# Will it benefit him?



## Michelle (Nov 16, 2009)

Atticus never had the chance to go to puppy class. I trained him everything at home he needs to know (sit, down, stay, leave it, come, ect.), but I'm thinking it would be good socialization. He would be with dogs of all sizes six months and older for a 6 week training class. He would relearn everything, except get introduced to other dogs and people, so I'm thinking it might be good to enroll him. What do you think? Would it benefit him? 

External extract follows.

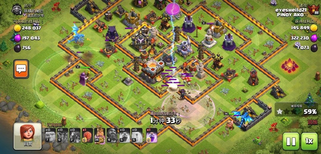 在防空效果上,防空火箭四角分布,空气炮内圈背对放置,再加上内圈的地狱塔和搜空地雷,给移速慢的雷龙和狗球造成了较大压力,对空军克制较大,引导性很好,常常能形成高摧毁率一星的战局,有效减少奖杯损失。

(There will be no play time so I don't have to worry about him getting trampled by the bigger dogs)


----------



## AgilityIG (Feb 8, 2009)

Classes are always a benefit. Even though he already knows stuff at home, it will teach him to do these things in other enviornments.


----------



## fjm (Jun 4, 2010)

I think it would be an excellent idea - he will enjoy being around other dogs, and it is always useful to proof training in a more distracting environment.


----------



## debjen (Jan 4, 2010)

classes are always good


----------



## 2719 (Feb 8, 2011)

I agree with the consensus. It is a great way to socialise your puppy. If your puppy already knows the basic commands the class will be a great way to get him to obey you when there are numerous distractions.
Even the most obedient dogs sometimes forget to obey when they see or hear something else they want to do.


----------



## Birdie (Jun 28, 2009)

Great idea! At the very least, he'll get socialization opportunities and can solidify the reliability of the training you've already done with him.


----------



## partial2poodles (Feb 11, 2010)

I dont think MIchelles classes will have playtime or socialization time.....I know playtime was really discouraged at all of my classes. We got together before or after class in tiny groups to socialize. But Gino has been to 2 classes so far and I like it because he can hear my commands even when there are a dozen or more dogs in close proximity. It really solidifies his commands. I think Atticus needs to prove to you how brilliant he is.


----------